* [Exercise data]
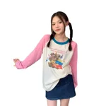 Contrast Color Cartoon Print Raglan Long Sleeve -
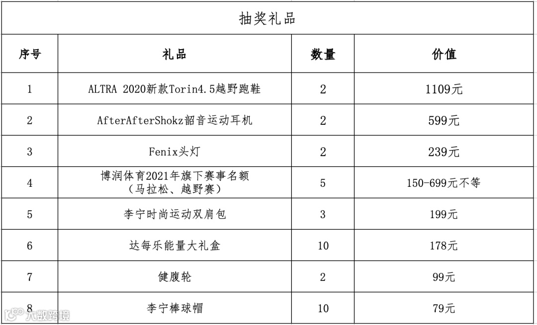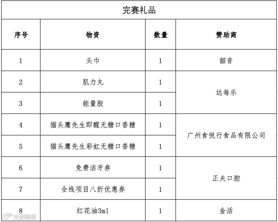 选择线上赛报名『套餐二』或『套餐三』的参赛选手,将获得完赛包礼品一份,同时有机会参加赛事线上抽奖活动,完赛包及抽奖礼品具体内容如下:
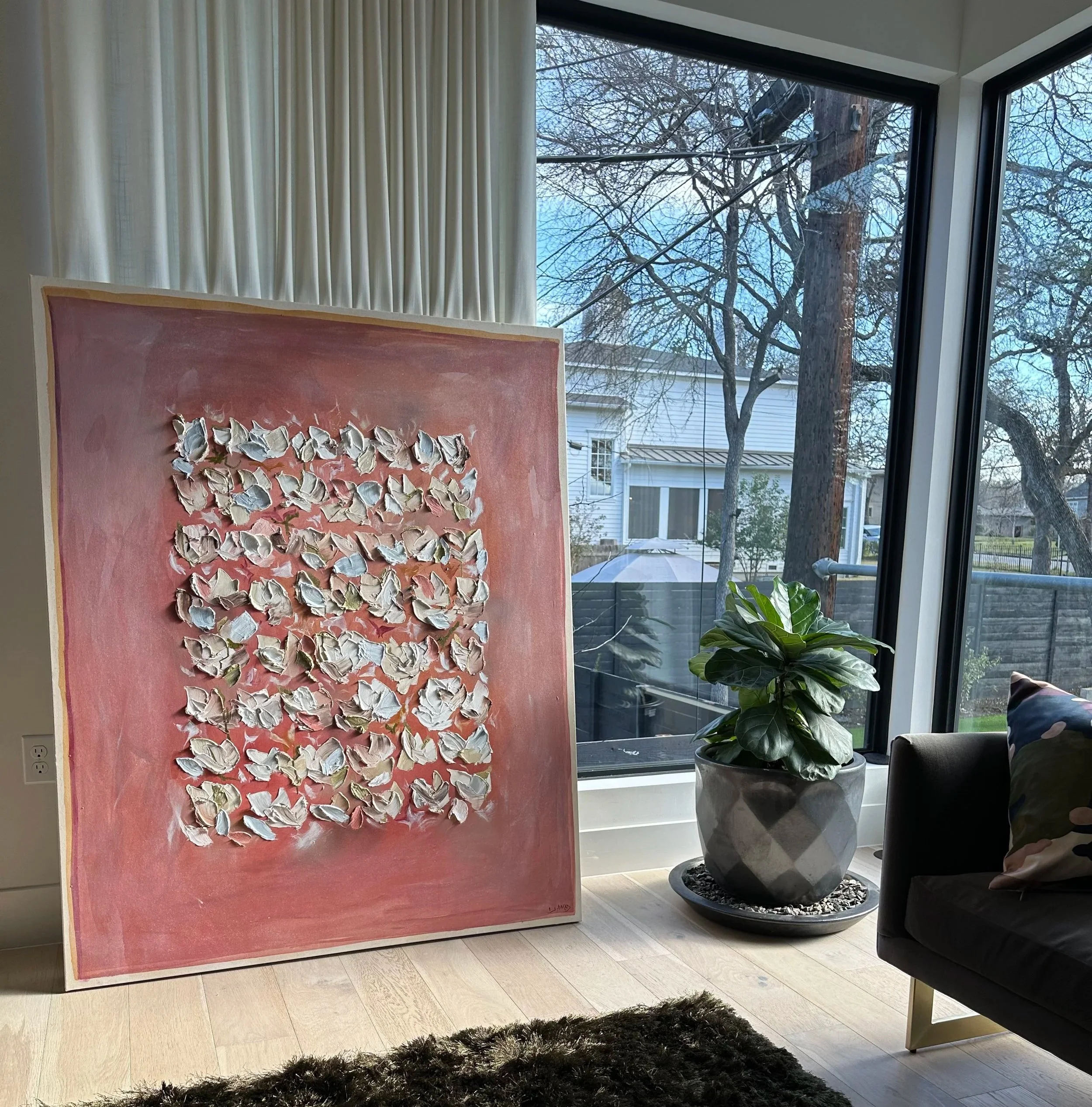 Guided by memory and intuition, she often incorporates Urdu script into her work fragments of language that carry prayers, poetry, and inherited wisdom. These subtle inscriptions are not always meant to be read, but felt. They serve as bridges between past and present, homeland and home, honoring her Muslim heritage while inviting universal connection. Through layered strokes of oil and mixed media, language and pigment become vessels for identity, devotion, and belonging.
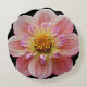 Pink Collarette Dahlia on Black Floral Round Cushion
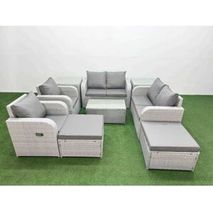 Important:Please put the gas fire pit on the glass top not under the glass .Do not cover the igniter with lava .please refer to the picture in the listing. we strongly recommend using 5 kg gas tank. Before using the fire pit ,please check it carefully if there is any leakage at the joint place or the hose . if the gas bottle is not fixed correctly or the hose has some leakage it may cause danger . Pls kindly leave your mobile number at checkout for not delaying your shipment . Set dimensions:2 x Reclining chairs Size: 74W x 69D x 79H cm 2 x Love Sofa Size: 124W x 67D x 79H cm 2 x Big footstool 65L x 65W x 34H cm2 x Side table 65L x 65W x 66H cm 1 x Firepit Dining Table Size: 140L x 80W x 69H cm Sofa Weight Capacity: 250kg Table Weight Capacity: 80kg Light grey rattan with dark grey fabric .Color may vary due to light or monitor .we are unable to return the item due to this problem .Please contact us before purchase if you have requirements on color saturation . The 2 armchairs are adjustable, you can adjust the inclination of the chair back from 90-130 through the button . Items Comes Flat Packed And Easy to Assemble, Sturdy Galvanized Steel Tube Metal Frames With Powder Coating To Prevent The Rust Ergonomic High Back And Declining Design For Extra Comfort Flat PE Rattan Completely Made By Hand, 5mm Thick Transparent Tempered Glass With Sucker On Surface To Prevent Sliding8 CM Thick Seat Cushion With Soft Back Cushion Gives You More Comfort. Low Maintenance ,Removable Cushion Cover And Easy Move To Different Place. Pls Keep the Cushion Indoor Or put on With Rain Cover When Not In Use . put on The Furniture With Rain Cover If Not in Use For Long Time . Factory Direct Sale Guarantee The Quality And After Sale Service. Important notice: pls check the product carefully before signing it .if there is any obvious damage when arrive ,pls kindly mark on the receipt .we will file claim to the courier and send the replacement .thank you This item is for kerbeside delivery , we can't deliver to your room . WARRANTY&SUPPORT:Though we have nearly 100% checked before shipment , but as this item is 100% handmade so If you have any issues of assembly, missing parts, damaged or other problems of product quality of this outdoor rattan furniture set, please feel free to contact us, and our after-sales team will respond within 24 hours and offer you the most perfect and powerful solutions. Fimous 8 Seater Outdoor Reclining Chair Love Sofa Set Rattan Garden Furniture Set with Firepit Dining Table 2 Big FootStools 2 Side Table Light Grey

* [Task to carry out] The records above should be returned word for word, with every picture left out.

* [Solution]
 Contrast Color Cartoon Print Raglan Long Sleeve -
 选择线上赛报名『套餐二』或『套餐三』的参赛选手,将获得完赛包礼品一份,同时有机会参加赛事线上抽奖活动,完赛包及抽奖礼品具体内容如下:
 Guided by memory and intuition, she often incorporates Urdu script into her work fragments of language that carry prayers, poetry, and inherited wisdom. These subtle inscriptions are not always meant to be read, but felt. They serve as bridges between past and present, homeland and home, honoring her Muslim heritage while inviting universal connection. Through layered strokes of oil and mixed media, language and pigment become vessels for identity, devotion, and belonging.
 Pink Collarette Dahlia on Black Floral Round Cushion
 Important:Please put the gas fire pit on the glass top not under the glass .Do not cover the igniter with lava .please refer to the picture in the listing. we strongly recommend using 5 kg gas tank. Before using the fire pit ,please check it carefully if there is any leakage at the joint place or the hose . if the gas bottle is not fixed correctly or the hose has some leakage it may cause danger . Pls kindly leave your mobile number at checkout for not delaying your shipment . Set dimensions:2 x Reclining chairs Size: 74W x 69D x 79H cm 2 x Love Sofa Size: 124W x 67D x 79H cm 2 x Big footstool 65L x 65W x 34H cm2 x Side table 65L x 65W x 66H cm 1 x Firepit Dining Table Size: 140L x 80W x 69H cm Sofa Weight Capacity: 250kg Table Weight Capacity: 80kg Light grey rattan with dark grey fabric .Color may vary due to light or monitor .we are unable to return the item due to this problem .Please contact us before purchase if you have requirements on color saturation . The 2 armchairs are adjustable, you can adjust the inclination of the chair back from 90-130 through the button . Items Comes Flat Packed And Easy to Assemble, Sturdy Galvanized Steel Tube Metal Frames With Powder Coating To Prevent The Rust Ergonomic High Back And Declining Design For Extra Comfort Flat PE Rattan Completely Made By Hand, 5mm Thick Transparent Tempered Glass With Sucker On Surface To Prevent Sliding8 CM Thick Seat Cushion With Soft Back Cushion Gives You More Comfort. Low Maintenance ,Removable Cushion Cover And Easy Move To Different Place. Pls Keep the Cushion Indoor Or put on With Rain Cover When Not In Use . put on The Furniture With Rain Cover If Not in Use For Long Time . Factory Direct Sale Guarantee The Quality And After Sale Service. Important notice: pls check the product carefully before signing it .if there is any obvious damage when arrive ,pls kindly mark on the receipt .we will file claim to the courier and send the replacement .thank you This item is for kerbeside delivery , we can't deliver to your room . WARRANTY&SUPPORT:Though we have nearly 100% checked before shipment , but as this item is 100% handmade so If you have any issues of assembly, missing parts, damaged or other problems of product quality of this outdoor rattan furniture set, please feel free to contact us, and our after-sales team will respond within 24 hours and offer you the most perfect and powerful solutions. Fimous 8 Seater Outdoor Reclining Chair Love Sofa Set Rattan Garden Furniture Set with Firepit Dining Table 2 Big FootStools 2 Side Table Light Grey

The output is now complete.